Le Prix Nobel de physiologie ou médecine 2025 a été décerné à trois chercheurs — Shimon Sakaguchi, Mary E. Brunkow et Frederick J. Ramsdell — pour leurs découvertes sur la tolérance immunitaire périphérique, un mécanisme clé permettant au système immunitaire de ne pas attaquer l’organisme lui-même. Cette avancée, longtemps jugée comme de la recherche fondamentale, est désormais au cœur de multiples innovations biomédicales et biotechnologiques.
Le système immunitaire est souvent présenté comme un dispositif de défense chargé d’éliminer virus, bactéries et cellules anormales, mais sa puissance doit être maîtrisée : une immunité « débridée » peut provoquer des maladies auto-immunes (comme la sclérose en plaques ou le lupus), des inflammations chroniques, voire des rejets de greffes.
Les trois lauréats ont contribué à mieux comprendre un mécanisme de « frein » immunitaire naturel. Ils ont mis en évidence un type spécifique de cellules immunitaires, appelées lymphocytes T régulateurs (ou Tregs), et le rôle du gène FOXP3 dans leur développement et leur fonction. Ces cellules, sous-population des globules blancs, n’ont pas pour rôle d’attaquer les pathogènes, mais au contraire de freiner ou moduler l’activité immunitaire pour éviter les excès, agissent comme des modérateurs du système immunitaire, évitant qu’il ne s’attaque au « soi ».
Ils permettent le maintien de la tolérance immunitaire, c’est-à-dire la capacité de l’organisme à ne pas s’attaquer à ses propres cellules (auto-immunité) ni à des éléments normalement tolérés (comme un fœtus pendant la grossesse ou un organe greffé).
Les travaux récompensés en 2025 remontent aux années 1990 et 2000. À l’époque, leur portée était encore incertaine. Aujourd’hui, ils constituent la base de multiples pistes thérapeutiques :
- Traitement des maladies auto-immunes : plutôt que de supprimer globalement l’immunité (avec des immunosuppresseurs), on cherche à renforcer les Tregs pour rétablir un équilibre immunitaire spécifique.
- Greffes d’organes : stimuler la tolérance immunitaire permettrait d’éviter les rejets tout en limitant la prise de médicaments à vie.
- Cancer et immunothérapie : dans certaines situations, il est nécessaire d’inhiber les Tregs pour réactiver une réponse immunitaire efficace contre les tumeurs.
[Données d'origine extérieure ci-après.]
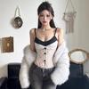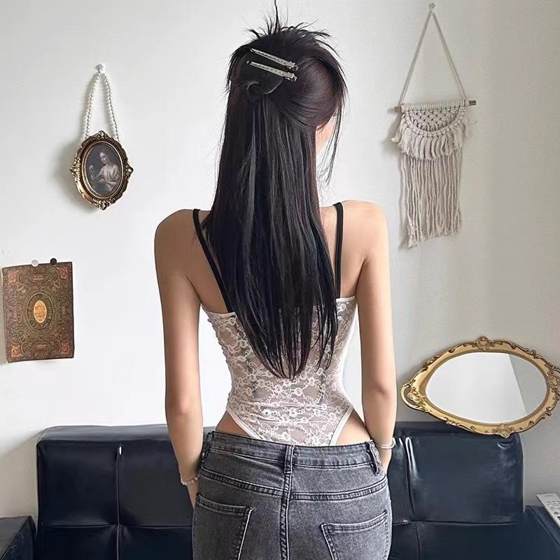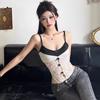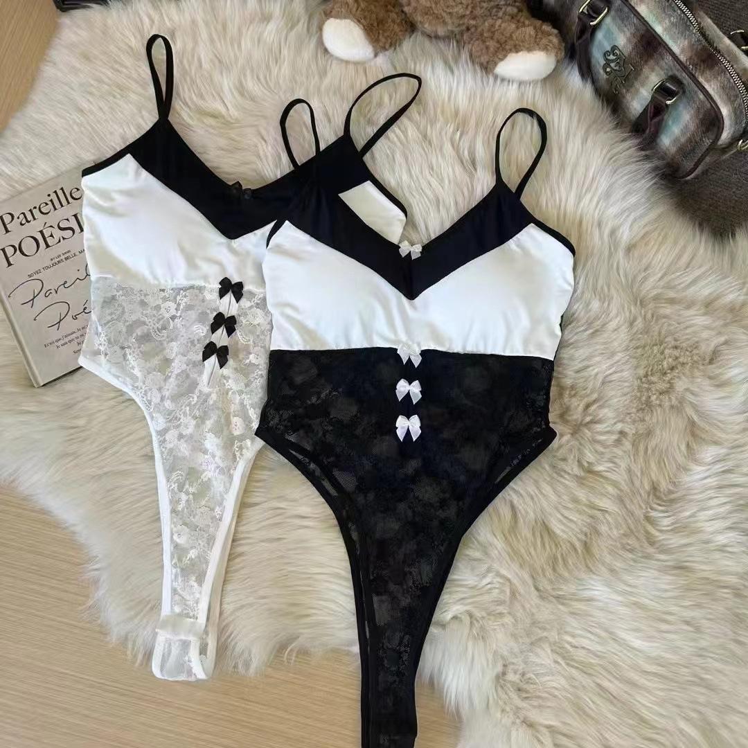 Tirantes de Encaje con Lazo de Color Contrastante para Mujer, Chaleco Delgado de Verano sin Mangas, Top Sexy Ajustado de Una Pieza para Interior Puro Deseo

- Thérapies cellulaires : des essais cliniques testent l’injection de Tregs modifiés ou cultivés in vitro pour soigner des maladies inflammatoires graves.
La compréhension fine des Tregs permet aujourd’hui d’envisager deux types de stratégies thérapeutiques. La première consiste à les renforcer dans les maladies auto-immunes, la greffe ou les allergies, pour calmer une immunité trop active. Elle repose alors sur des injections de Tregs purifiés et amplifiés in vitro (thérapie cellulaire) ou la stimulation pharmacologique (molécules qui favorisent leur activité). La seconde consiste au contraire à les inhiber dans le cancer, pour libérer la réponse immunitaire contre les cellules tumorales, par des anticorps bloquant leurs récepteurs (ex. anti-CTLA-4).
Plusieurs essais cliniques sont en cours pour adapter ces stratégies à différentes maladies, notamment dans les domaines de la rhumatologie, de la neurologie ou de l’oncologie.
Ce Nobel illustre un changement de paradigme : l’enjeu n’est plus seulement de stimuler ou de freiner l’immunité, mais de la moduler intelligemment, en s’appuyant sur une compréhension fine des circuits biologiques. Il témoigne aussi de la manière dont des travaux de recherche fondamentale, menés sur la souris ou en génétique, peuvent déboucher deux décennies plus tard sur des approches thérapeutiques concrètes, voire des innovations industrielles majeures.
En somme, ce prix Nobel 2025 consacre une avancée qui relie la biologie moléculaire, l’immunologie clinique et les biotechnologies industrielles. C’est un exemple inspirant de la manière dont la science et la technique se conjuguent pour transformer la médecine contemporaine.